What the task requires: Return only the lines of the listing below that run from the line with "Model wearing a" through the line with "In these situations, as", both ends included, exactly as written.

Input:
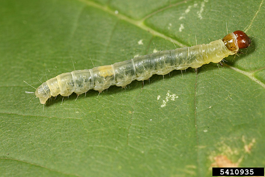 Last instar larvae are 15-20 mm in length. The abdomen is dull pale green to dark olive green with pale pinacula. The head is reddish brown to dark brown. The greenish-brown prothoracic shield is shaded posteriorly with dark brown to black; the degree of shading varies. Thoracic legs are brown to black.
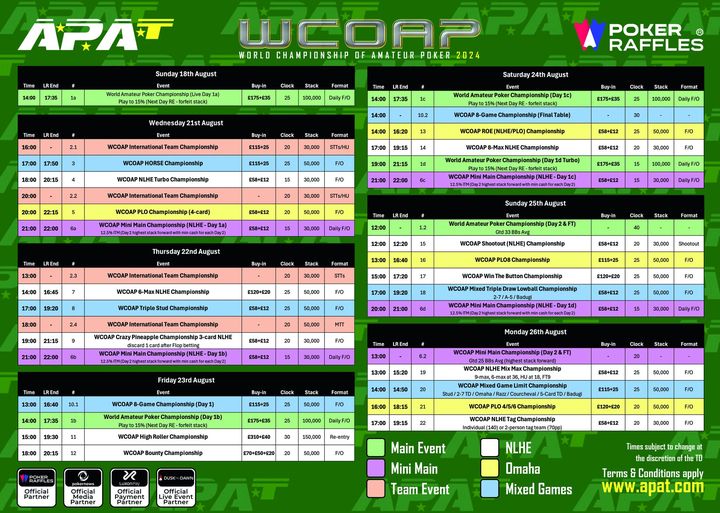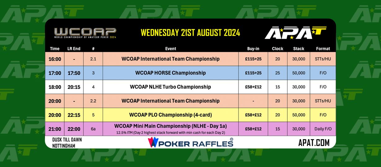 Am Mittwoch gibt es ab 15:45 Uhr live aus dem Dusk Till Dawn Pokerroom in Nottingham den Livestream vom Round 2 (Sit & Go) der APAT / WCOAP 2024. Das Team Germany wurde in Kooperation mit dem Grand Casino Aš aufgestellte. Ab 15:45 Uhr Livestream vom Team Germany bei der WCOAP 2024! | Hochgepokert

==

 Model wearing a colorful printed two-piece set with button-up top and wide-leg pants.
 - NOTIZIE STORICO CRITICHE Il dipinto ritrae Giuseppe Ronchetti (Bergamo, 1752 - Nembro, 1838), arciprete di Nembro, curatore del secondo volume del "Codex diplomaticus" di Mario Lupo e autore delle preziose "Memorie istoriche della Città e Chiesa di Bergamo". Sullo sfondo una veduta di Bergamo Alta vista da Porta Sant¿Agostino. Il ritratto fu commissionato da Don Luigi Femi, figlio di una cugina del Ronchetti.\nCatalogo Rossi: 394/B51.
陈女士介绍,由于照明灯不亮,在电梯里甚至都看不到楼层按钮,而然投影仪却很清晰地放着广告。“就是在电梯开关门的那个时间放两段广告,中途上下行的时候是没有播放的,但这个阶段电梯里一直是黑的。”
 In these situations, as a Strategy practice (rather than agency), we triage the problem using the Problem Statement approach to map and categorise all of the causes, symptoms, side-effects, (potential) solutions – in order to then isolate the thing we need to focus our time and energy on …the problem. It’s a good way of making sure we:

--

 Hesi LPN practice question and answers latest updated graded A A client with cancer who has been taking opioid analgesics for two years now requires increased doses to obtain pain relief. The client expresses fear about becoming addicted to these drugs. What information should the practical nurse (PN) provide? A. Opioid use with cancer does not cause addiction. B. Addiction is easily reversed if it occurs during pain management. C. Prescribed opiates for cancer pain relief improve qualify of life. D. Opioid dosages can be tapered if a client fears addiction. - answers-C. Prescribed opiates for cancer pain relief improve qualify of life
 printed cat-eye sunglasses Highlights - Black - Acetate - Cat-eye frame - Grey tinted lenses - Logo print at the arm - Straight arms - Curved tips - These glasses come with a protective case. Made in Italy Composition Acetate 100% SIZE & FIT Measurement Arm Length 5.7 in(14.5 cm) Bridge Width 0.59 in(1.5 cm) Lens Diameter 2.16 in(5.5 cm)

Solution below:
 Model wearing a colorful printed two-piece set with button-up top and wide-leg pants.
 - NOTIZIE STORICO CRITICHE Il dipinto ritrae Giuseppe Ronchetti (Bergamo, 1752 - Nembro, 1838), arciprete di Nembro, curatore del secondo volume del "Codex diplomaticus" di Mario Lupo e autore delle preziose "Memorie istoriche della Città e Chiesa di Bergamo". Sullo sfondo una veduta di Bergamo Alta vista da Porta Sant¿Agostino. Il ritratto fu commissionato da Don Luigi Femi, figlio di una cugina del Ronchetti.\nCatalogo Rossi: 394/B51.
陈女士介绍,由于照明灯不亮,在电梯里甚至都看不到楼层按钮,而然投影仪却很清晰地放着广告。“就是在电梯开关门的那个时间放两段广告,中途上下行的时候是没有播放的,但这个阶段电梯里一直是黑的。”
 In these situations, as a Strategy practice (rather than agency), we triage the problem using the Problem Statement approach to map and categorise all of the causes, symptoms, side-effects, (potential) solutions – in order to then isolate the thing we need to focus our time and energy on …the problem. It’s a good way of making sure we:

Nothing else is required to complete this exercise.